Brown’s theory on the Eebee’s mania? “There’s a touch of the American dream that is becoming ever-more fleeting. This was very, very hard for me to accomplish. I’ve got a lot of experience, and it was so hard for me to get the money. And it was so hard even after I had the money for a landlord to take me seriously as a no-name,” she says. “I love authentic places and people, and I think that it can be felt.”
Regular Alex Paris, a server at La’ Shukran, felt it her first time at Eebee’s, which has become particularly popular with the hospitality industry crowd thanks to its late-night hours. By the end of the night, Brown was showing off her beloved magazine rack and explaining where she got all the light fixtures. “To become an overnight institution, it’s not that it is magic. It’s a lot of dedication and a lot of hard work. And you can see it. It has a heart and a soul. It’s authentic. Every single piece in there is intentional,” Paris says. “It’s not about a viral burger.”
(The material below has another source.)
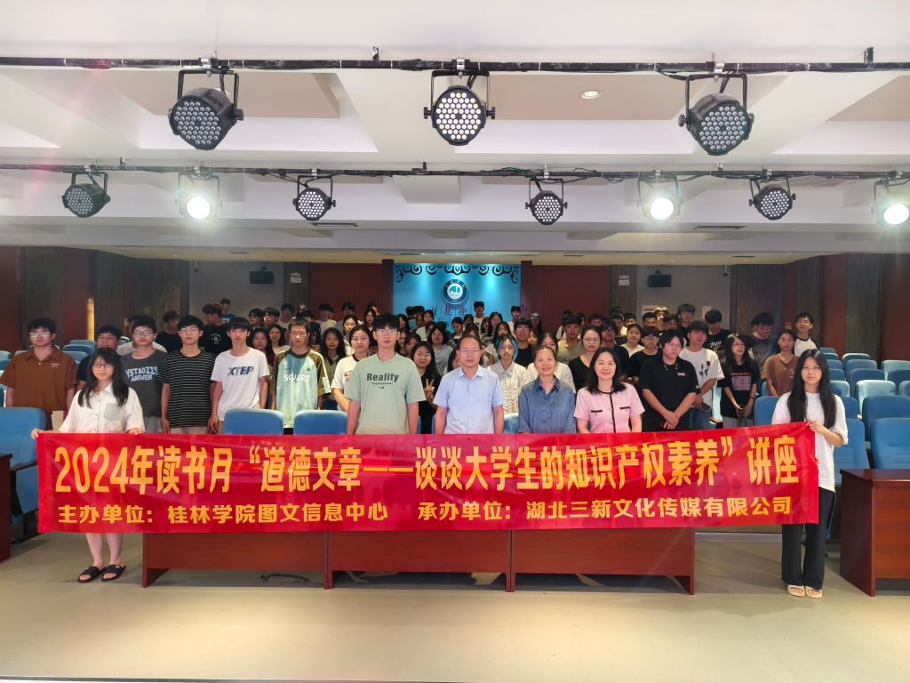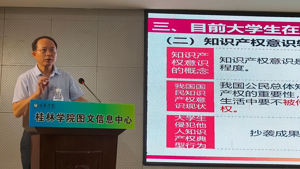 为了深化大学生对知识产权保护的了解,提升大学生的知识产权素养,弘扬法治文化。2024年6月13日下午,广西师范大学陈宗波教授在至善讲堂为我校学生作了题为《道德文章——谈谈大学生知识产权素养》的普法讲座,图文信息中心主任何秀梅老师以及我校来自各个学院的学生共180人聆听了此次讲座。

The wait for a table on weekends can sometimes stretch four hours. CNN’s Kaitlin Collins, celebrity chef Nancy Silverton, and former Washington Post food critic Tom Sietsema have all been spotted there. And the spillover has been a boon for neighboring businesses too. Shaw’s Tavern owner Eric Heidenberger says sales have been up almost every day since Eebee’s took off in early December. “There are some days when we’re up 40 to 50 percent in sales,” he says. “People express like, ‘Oh yeah, we have a three-hour wait over at Eebee’s. We’re going to come grab a drink at the bar and maybe have an appetizer.’”
Although the bar is only a few months old, Brown is already getting offers to expand Eebee’s. She’s not sure it can be replicated, but she’s got other ideas too. Meanwhile, it’s hard to maintain the neighborhood bar where everyone knows your name when you’re the hottest bar in town. Brown knows when the lines get super long, somebody will inevitably leave her a one-star review online.
“It’s a bar, and I think I did a good job. It’s a burger that I worked hard on,” Brown says. “It’s still a bar and a burger.”